§ **DATA**
· · · · ·
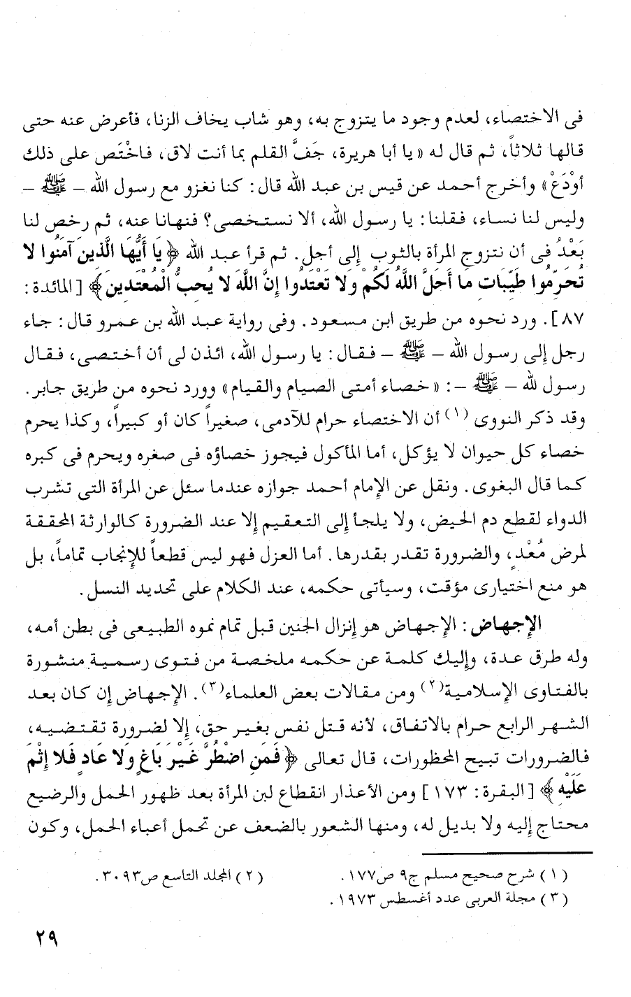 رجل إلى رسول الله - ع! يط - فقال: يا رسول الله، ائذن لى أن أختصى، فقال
· · · · ·
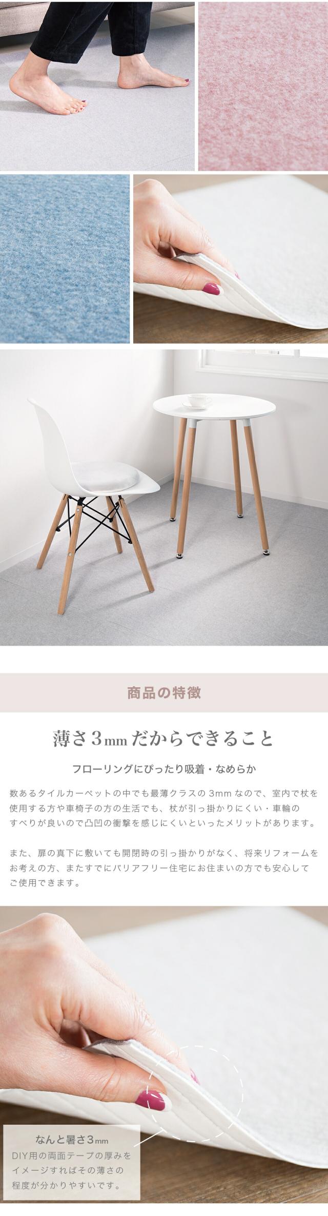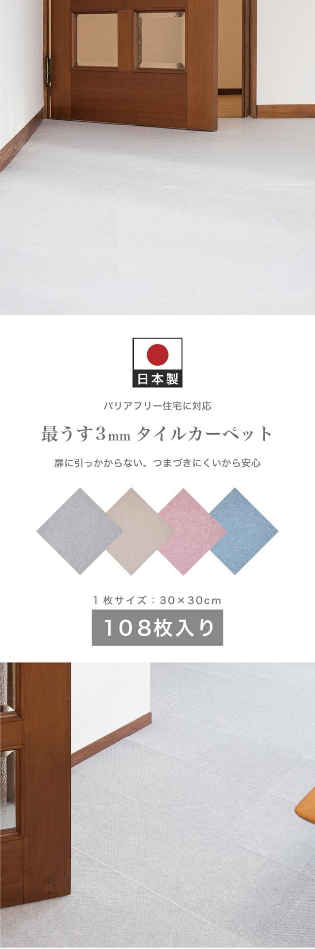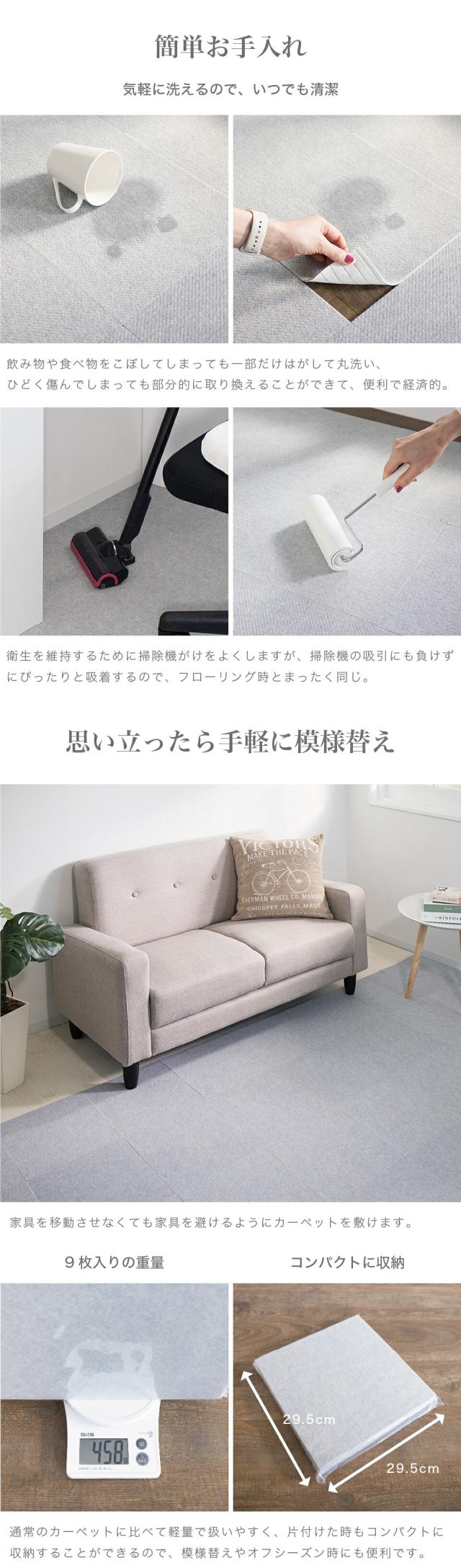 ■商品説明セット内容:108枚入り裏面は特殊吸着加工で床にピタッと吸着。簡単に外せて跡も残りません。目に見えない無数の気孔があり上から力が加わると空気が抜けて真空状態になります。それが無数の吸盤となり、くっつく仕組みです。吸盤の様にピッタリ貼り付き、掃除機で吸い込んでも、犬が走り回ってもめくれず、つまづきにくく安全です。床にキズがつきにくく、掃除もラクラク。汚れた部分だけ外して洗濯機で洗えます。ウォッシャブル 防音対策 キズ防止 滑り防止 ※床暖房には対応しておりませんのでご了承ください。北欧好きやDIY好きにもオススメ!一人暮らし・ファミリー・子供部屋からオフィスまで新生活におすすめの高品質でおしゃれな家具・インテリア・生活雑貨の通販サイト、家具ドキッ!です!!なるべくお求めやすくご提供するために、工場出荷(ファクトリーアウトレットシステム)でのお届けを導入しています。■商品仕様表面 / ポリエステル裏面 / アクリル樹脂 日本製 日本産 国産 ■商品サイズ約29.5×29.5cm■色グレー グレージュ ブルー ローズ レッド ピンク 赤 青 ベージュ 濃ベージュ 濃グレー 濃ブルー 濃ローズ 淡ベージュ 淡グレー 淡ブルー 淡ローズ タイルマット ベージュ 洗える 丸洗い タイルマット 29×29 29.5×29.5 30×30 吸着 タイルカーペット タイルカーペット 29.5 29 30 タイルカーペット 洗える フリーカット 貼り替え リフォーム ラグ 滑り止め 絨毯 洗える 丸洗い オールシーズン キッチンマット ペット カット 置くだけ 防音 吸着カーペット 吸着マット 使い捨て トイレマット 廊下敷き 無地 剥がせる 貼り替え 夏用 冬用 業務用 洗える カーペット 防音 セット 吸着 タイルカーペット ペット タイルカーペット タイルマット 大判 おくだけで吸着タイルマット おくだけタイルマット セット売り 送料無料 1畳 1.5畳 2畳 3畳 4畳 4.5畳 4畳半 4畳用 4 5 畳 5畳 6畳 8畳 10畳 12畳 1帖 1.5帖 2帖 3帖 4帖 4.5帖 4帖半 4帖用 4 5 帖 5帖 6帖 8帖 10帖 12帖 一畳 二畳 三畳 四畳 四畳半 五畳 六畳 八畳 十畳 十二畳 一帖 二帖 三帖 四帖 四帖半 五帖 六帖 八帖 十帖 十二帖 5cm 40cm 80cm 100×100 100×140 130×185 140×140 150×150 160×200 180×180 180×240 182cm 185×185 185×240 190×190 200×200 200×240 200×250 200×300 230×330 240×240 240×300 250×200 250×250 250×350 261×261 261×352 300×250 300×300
· · · · ·
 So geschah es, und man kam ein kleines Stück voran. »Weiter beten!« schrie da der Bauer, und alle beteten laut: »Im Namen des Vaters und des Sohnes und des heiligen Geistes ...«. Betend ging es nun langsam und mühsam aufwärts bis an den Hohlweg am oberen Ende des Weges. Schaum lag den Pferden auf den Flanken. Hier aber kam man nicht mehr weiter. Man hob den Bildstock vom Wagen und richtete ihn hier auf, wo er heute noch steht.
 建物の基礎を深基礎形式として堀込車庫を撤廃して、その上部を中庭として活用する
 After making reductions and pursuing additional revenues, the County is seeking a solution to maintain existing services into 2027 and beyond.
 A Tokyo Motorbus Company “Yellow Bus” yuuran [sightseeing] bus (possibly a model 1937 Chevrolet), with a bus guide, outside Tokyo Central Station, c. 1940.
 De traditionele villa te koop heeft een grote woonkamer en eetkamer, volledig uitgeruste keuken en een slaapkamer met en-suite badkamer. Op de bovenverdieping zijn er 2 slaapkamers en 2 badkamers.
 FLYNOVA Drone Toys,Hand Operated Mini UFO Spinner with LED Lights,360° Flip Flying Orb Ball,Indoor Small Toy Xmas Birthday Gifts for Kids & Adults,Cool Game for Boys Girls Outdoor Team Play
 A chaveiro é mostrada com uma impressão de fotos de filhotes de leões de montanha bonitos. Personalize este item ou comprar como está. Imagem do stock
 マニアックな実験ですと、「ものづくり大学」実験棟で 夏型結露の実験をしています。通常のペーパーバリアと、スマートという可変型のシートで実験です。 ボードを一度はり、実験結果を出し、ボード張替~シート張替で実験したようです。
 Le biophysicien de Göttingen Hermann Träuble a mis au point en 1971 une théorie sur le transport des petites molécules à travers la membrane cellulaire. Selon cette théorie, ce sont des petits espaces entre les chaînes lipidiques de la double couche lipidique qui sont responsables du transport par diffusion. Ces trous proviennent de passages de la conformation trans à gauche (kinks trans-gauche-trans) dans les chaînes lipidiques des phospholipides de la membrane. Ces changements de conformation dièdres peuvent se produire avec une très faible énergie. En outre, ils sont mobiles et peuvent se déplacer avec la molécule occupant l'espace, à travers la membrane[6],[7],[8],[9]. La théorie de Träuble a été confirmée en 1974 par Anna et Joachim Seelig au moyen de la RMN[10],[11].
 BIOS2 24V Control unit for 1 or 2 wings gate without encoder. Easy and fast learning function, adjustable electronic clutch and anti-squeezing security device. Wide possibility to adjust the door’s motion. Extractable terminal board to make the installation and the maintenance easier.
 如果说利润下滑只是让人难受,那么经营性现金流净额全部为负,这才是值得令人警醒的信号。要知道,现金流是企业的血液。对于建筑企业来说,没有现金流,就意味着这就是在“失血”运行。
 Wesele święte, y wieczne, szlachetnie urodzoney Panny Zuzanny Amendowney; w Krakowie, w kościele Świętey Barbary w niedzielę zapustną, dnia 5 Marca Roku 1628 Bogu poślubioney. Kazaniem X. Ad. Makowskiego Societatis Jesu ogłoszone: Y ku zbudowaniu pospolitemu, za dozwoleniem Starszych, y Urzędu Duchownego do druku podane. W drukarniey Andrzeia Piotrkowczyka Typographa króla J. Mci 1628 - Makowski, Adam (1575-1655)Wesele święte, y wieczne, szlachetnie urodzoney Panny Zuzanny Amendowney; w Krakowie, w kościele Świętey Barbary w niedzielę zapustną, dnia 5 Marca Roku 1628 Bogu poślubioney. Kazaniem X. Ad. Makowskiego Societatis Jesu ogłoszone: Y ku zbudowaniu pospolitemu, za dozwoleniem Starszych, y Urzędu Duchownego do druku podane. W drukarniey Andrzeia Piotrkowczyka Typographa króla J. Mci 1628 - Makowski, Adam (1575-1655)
· · · · ·
§ **PROBLEM DETAILS**
Copy out precisely the lines from the line with "BIOS2 24V Control" to the line with "如果说利润下滑只是让人难受,那么经营性现" in the material above, including those two lines and omitting all the rest.

§ **ANSWER TO THIS TASK**
 BIOS2 24V Control unit for 1 or 2 wings gate without encoder. Easy and fast learning function, adjustable electronic clutch and anti-squeezing security device. Wide possibility to adjust the door’s motion. Extractable terminal board to make the installation and the maintenance easier.
 如果说利润下滑只是让人难受,那么经营性现金流净额全部为负,这才是值得令人警醒的信号。要知道,现金流是企业的血液。对于建筑企业来说,没有现金流,就意味着这就是在“失血”运行。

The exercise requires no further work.